_AVAILABLE DATA_
▬▬▬▬▬▬▬▬▬▬

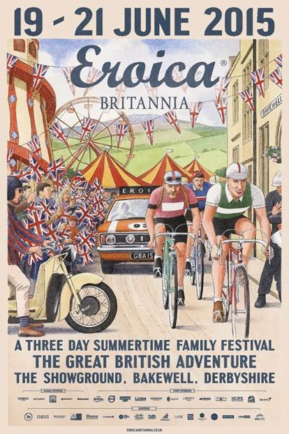 The second year of Eroica Britannia was one of the most talked about events in the cycling and festival calenders for 2015. Over 50,000 wonderful folk travelled from all four corners of the World to make iconic British history in the historic market town of Bakewell, Peak District National Park. What fun we had! 3 sublime sunny festival days of all things handsome. Music, glorious vintage, shopping, food, drink, camping and cycling. I rebuilt the proto type from Raleigh Works of their first ever Triathlon Bike in 1986. Raleigh gave me two bikes , one went to Bernie Shrosbree and the other I kept. It also had the Tri bars that we made for 3T in Italy. Both items are very rare and added to the spirit of the festival. Can be seen at 33 seconds in the video.
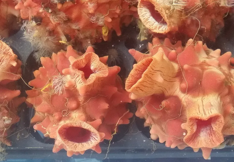 漁港直接買い付けを通じて生産者と交流を持ち、実際の生産の様子を拝見する中で、宮城県独自の高度な養殖技術を知ることができました。季節や養殖年数で養殖棚の位置を移動して最適な生育環境を維持したり、冬の産卵時期を見極め効率的に沢山の卵を採卵する種付け技術なども見学させてもらいました。ほやは殻の天辺にある+-になっている入水孔・出水孔で1日に1トンもの海水を循環しています。そのため三陸の海の豊富なプランクトンが欠かせません。
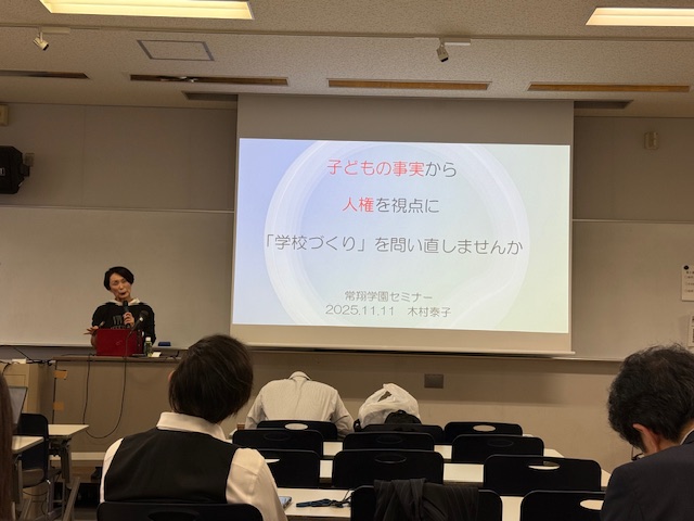 また、教育講演会では、大阪市立大空小学校の初代校長である木村泰子氏による「学校教育の目的は?」と題した講演を拝聴し、教育の本質や子ども一人ひとりの育ちを支える学校の役割について改めて考える貴重な機会となりました。
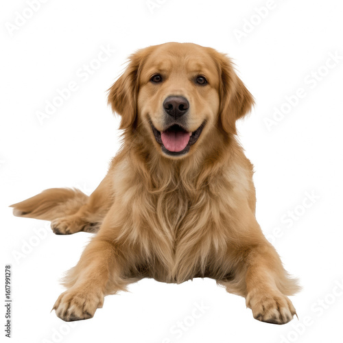 Golden retriever dog lying down and smiling on white background

▬▬▬▬▬▬▬▬▬▬

_WHAT TO PRODUCE_
Emit the lines of the material exactly, from its first line to the line containing "また、教育講演会では、大阪市", inclusive; leave every picture out.

_FINAL ANSWER_
 The second year of Eroica Britannia was one of the most talked about events in the cycling and festival calenders for 2015. Over 50,000 wonderful folk travelled from all four corners of the World to make iconic British history in the historic market town of Bakewell, Peak District National Park. What fun we had! 3 sublime sunny festival days of all things handsome. Music, glorious vintage, shopping, food, drink, camping and cycling. I rebuilt the proto type from Raleigh Works of their first ever Triathlon Bike in 1986. Raleigh gave me two bikes , one went to Bernie Shrosbree and the other I kept. It also had the Tri bars that we made for 3T in Italy. Both items are very rare and added to the spirit of the festival. Can be seen at 33 seconds in the video.
 漁港直接買い付けを通じて生産者と交流を持ち、実際の生産の様子を拝見する中で、宮城県独自の高度な養殖技術を知ることができました。季節や養殖年数で養殖棚の位置を移動して最適な生育環境を維持したり、冬の産卵時期を見極め効率的に沢山の卵を採卵する種付け技術なども見学させてもらいました。ほやは殻の天辺にある+-になっている入水孔・出水孔で1日に1トンもの海水を循環しています。そのため三陸の海の豊富なプランクトンが欠かせません。
 また、教育講演会では、大阪市立大空小学校の初代校長である木村泰子氏による「学校教育の目的は?」と題した講演を拝聴し、教育の本質や子ども一人ひとりの育ちを支える学校の役割について改めて考える貴重な機会となりました。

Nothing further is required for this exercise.